The purpose of this study was to determine whether there is evidence for AMV differences in patients with spider phobia compared to healthy controls. As hypothesized, the findings confirm a reduction in left AMV of patients. Furthermore, the reduced left AVM is associated with the severity of spider phobic symptoms. Our finding of abnormal left AMV in patients are consistent with findings that report diminished amygdala size in fear and anxiety-related disorders [10, 3540]. We suggest that the automatic manifestation of fear responses is mediated by a potentiated fear network which may be associated with an amygdala deficiency.

However, the differences of AMV could be also influenced by clinical factors. The present findings show an association between left AMV and symptom severity in phobic patients in the way that the smaller the left amygdala, the more phobic symptoms they reported. This finding seems to be attributed to spider phobia, because we selected patients with pure spider phobia without any comorbidities and no other potential confounding factor has shown to be associated with this volume reduction in spider phobic patients. It is worth remarking that findings of smaller left AMV, as reported in this study, suggest that abnormal functioning of this structure may underlie the symptoms of automatic and exaggerated fear response observed in specific phobias, as measured with the SPQ, which reliably assesses fear of spiders [41, 42].

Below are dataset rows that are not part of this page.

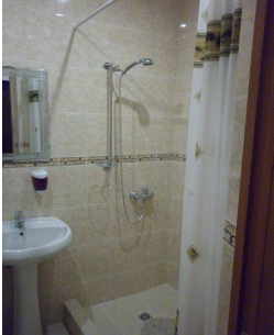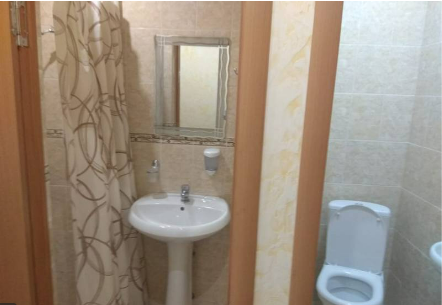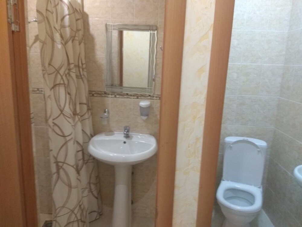 Индивидуальная ванная комната: душ, раковина, туалет.
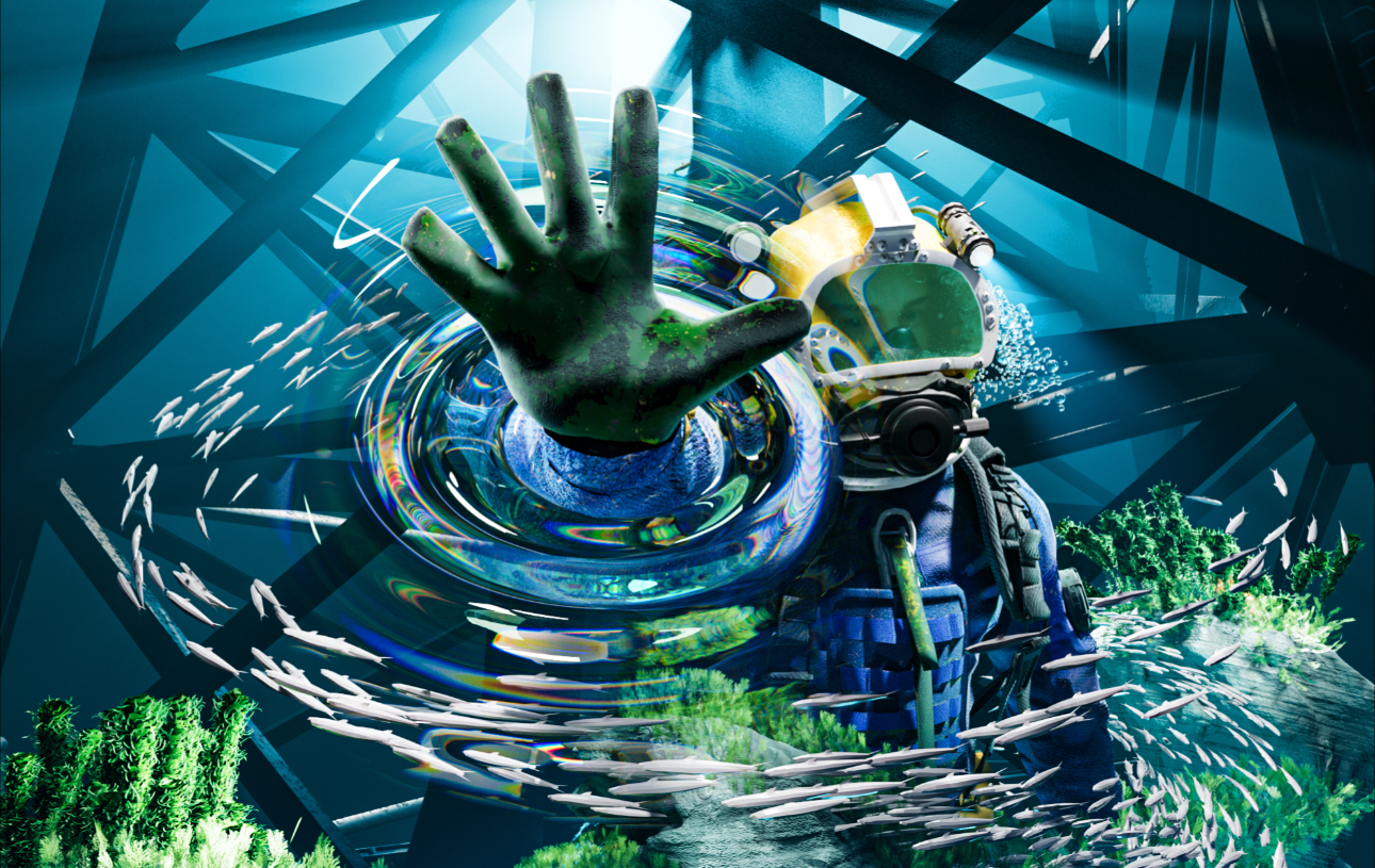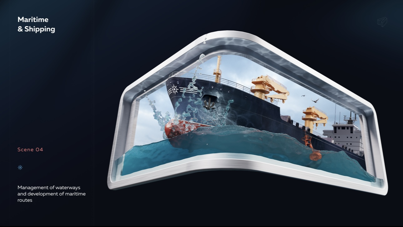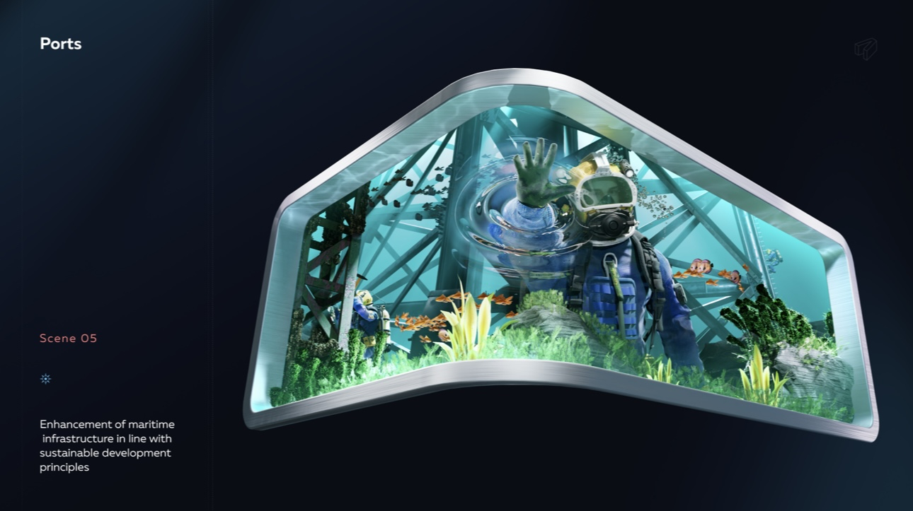 Технически ролик был разработан с учетом специфики углового экрана и эффекта naked eye – он должен был обеспечить объемное восприятие контента зрителем без использования дополнительных устройств. Naked Eye объекты должны были выходить за рамки экрана в пространство выставки. Для этого в каждой сцене мы выбрали ключевой образ, элементы которого и создавали 3D-эффект. Например, в сцене “Улучшение морской инфраструктуры” один из водолазов пробивал рукой поверхность экрана, чтобы помахать зрителям.
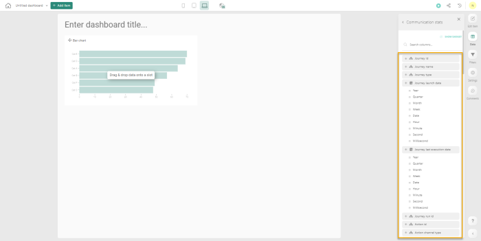 5. In order to use the proposed graph in your dashboard, you just need to drag & drop the graph onto your dashboard. After the graph is placed on the dashboard, you can still modify the data and/or the setup.
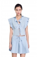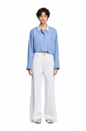 SANDRO Striped cropped shirt with rhinestone_Sky Blue
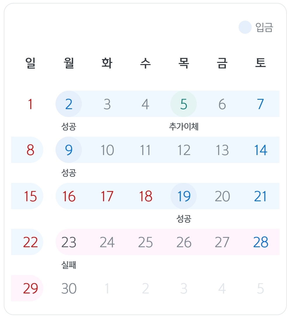 - (예시) 매주 월요일 자동이체일 때, 9월 3주차에는 추석연휴가 지나고 19일 목요일에 입금됩니다.
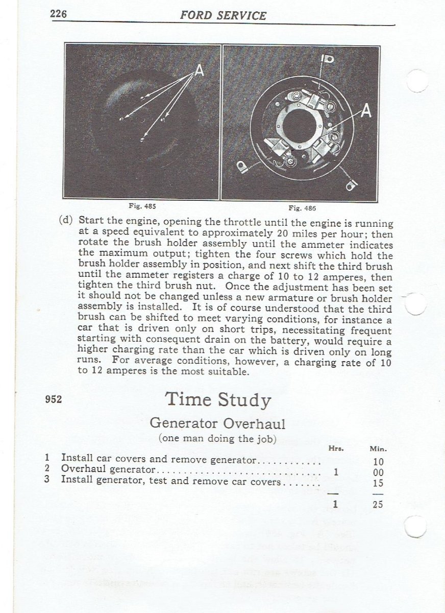 My 1924 stock T Model Coupe's generator (6 volt system) puts out 6-8 amps at regular road speed (30-35 mph). Last week in about 15 mile drive it went from 6-8 amps to the max on the gauge of 20 amps.The volt meter I have on the car went from 7-71/2 volts to almost 10 volt reading. I adjusted on the Third Brush which did not change the out put of 20+Amps or the Voltage reading.
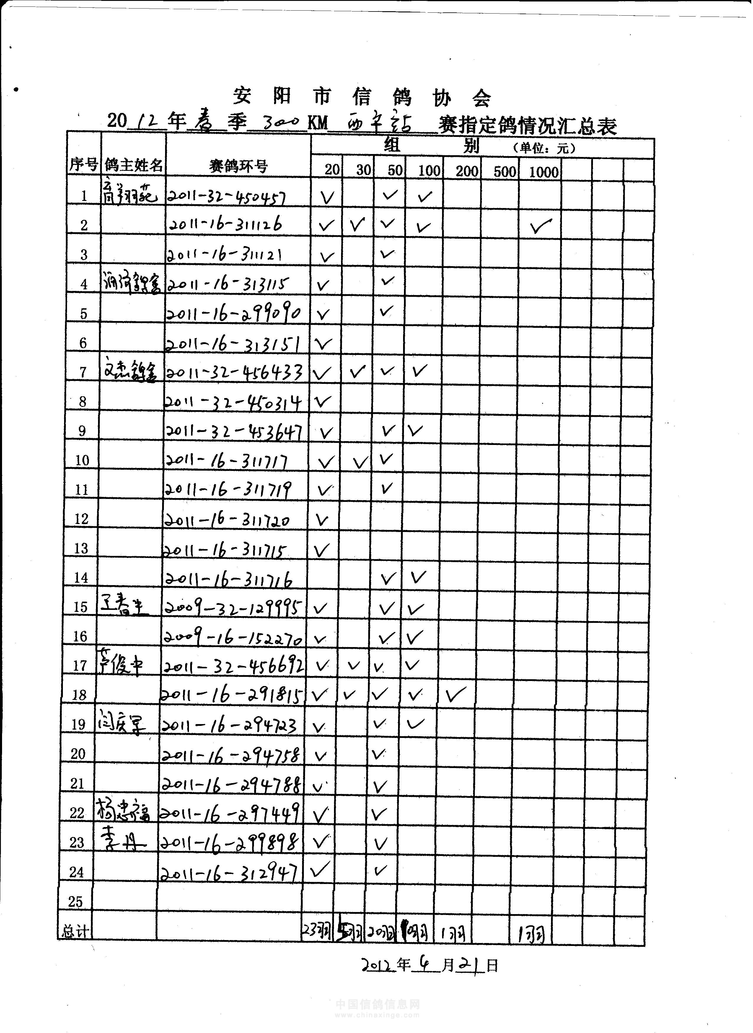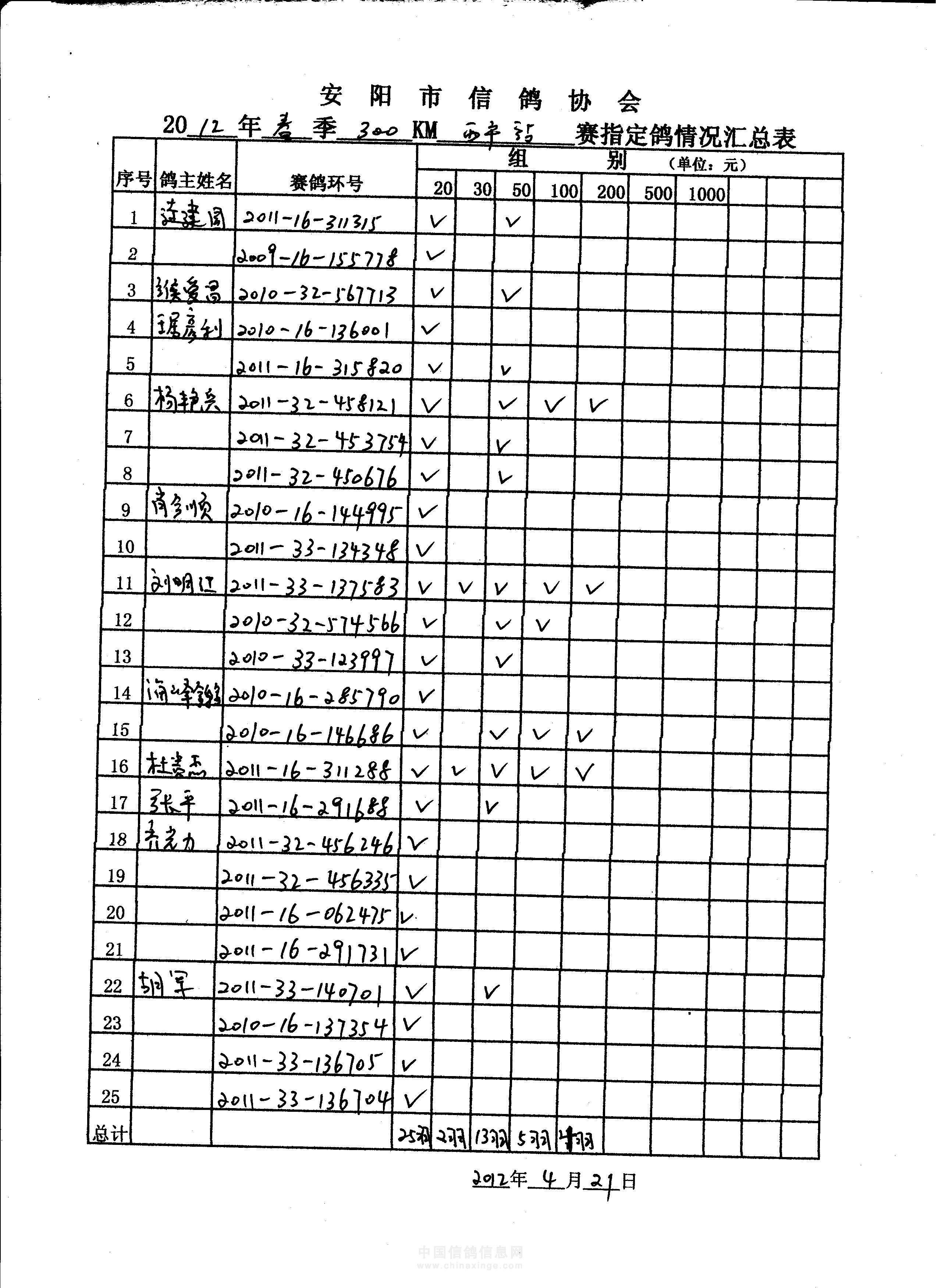 2021秋安阳市信鸽协会500公里大悟站成绩明细(临时)101-150
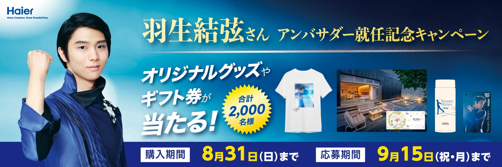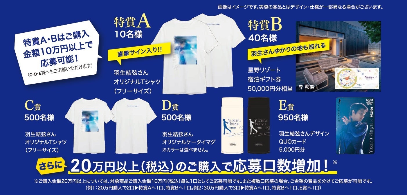 当社はこの度、羽生結弦さんのアンバサダー就任を記念して、ハイアール製品をご購入いただいた方を対象としたプレゼントキャンペーンを実施いたします。本キャンペーンでは、期間中に対象商品を購入の上、ご応募いただいた方の中から抽選で合計2,000名様に、羽生結弦さんオリジナルグッズや豪華ギフト券をプレゼントいたします。
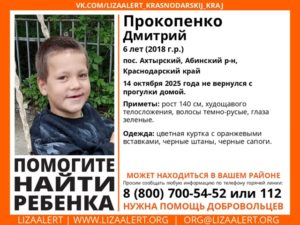 В поселке Ахтырский Абинского района Краснодарского края разыскивается шестилетний Дмитрий Прокопенко. Ребенок пропал днем 14 октября 2025 года, уйдя на прогулку и не вернувшись домой.
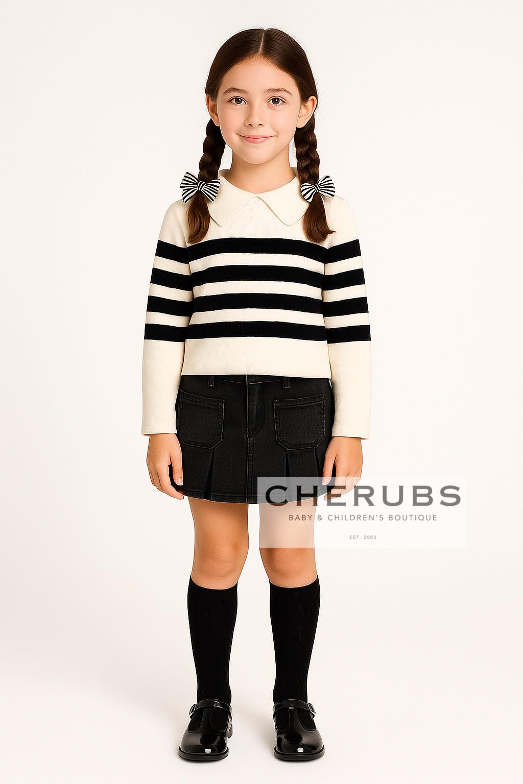 Girls Spanish black stripe jumper with oversized collar and grey black denim pleated skirt.

Hemispheric differences in amygdala alterations found in this study may potentially be in line with different roles in emotion processing for the left and right amygdala which has been found in several studies investigating mood and anxiety disorders [39, 43]. Based on these studies, it is assumed that the left amygdala is more involved in processing sustained stimulus evaluation while the right one is more involved in rapid and undifferentiated processing of emotional stimuli [44].

Some limitations of the present study need to be mentioned. We only studied female subjects; therefore the results cannot be generalized to men. We should further mention the different diagnostic measurements for the control and patient group. The patient group was additionally screened for possible personality disorders (SKID-II) and trait-anxiety (STAI-trait). Whereas the control subjects were only screened for possible axis I-disorders (SCL-90-R) which implied exclusion of the study. Additionally, the sample size was modest and should be extended. However, the patient group can be considered to be homogenous, as patients did not suffer from any other axis I disorders at the time of assessment. Hence, future investigations should include comparisons of amygdala morphology in various types and degrees of phobic disorders for a better pathophysiological distinction. Longitudinal and pre-post treatment studies should clarify the meaning of the observed amygdala differences over time.

Conclusion

Still, the reasons for volumetric differences are so far largely unclear. Two possible interpretations might be offered: First, smaller left AMV might be a vulnerability factor for the development of spider phobia. The second interpretation relates to experience or exposure-related structural modifications within the amygdala. Whether the observed atrophy of the amygdala in mood and anxiety disorders is progressive and already present at time of disease onset or develops as a result of damage secondary to higher amygdala activity is a matter of debate [45, 46].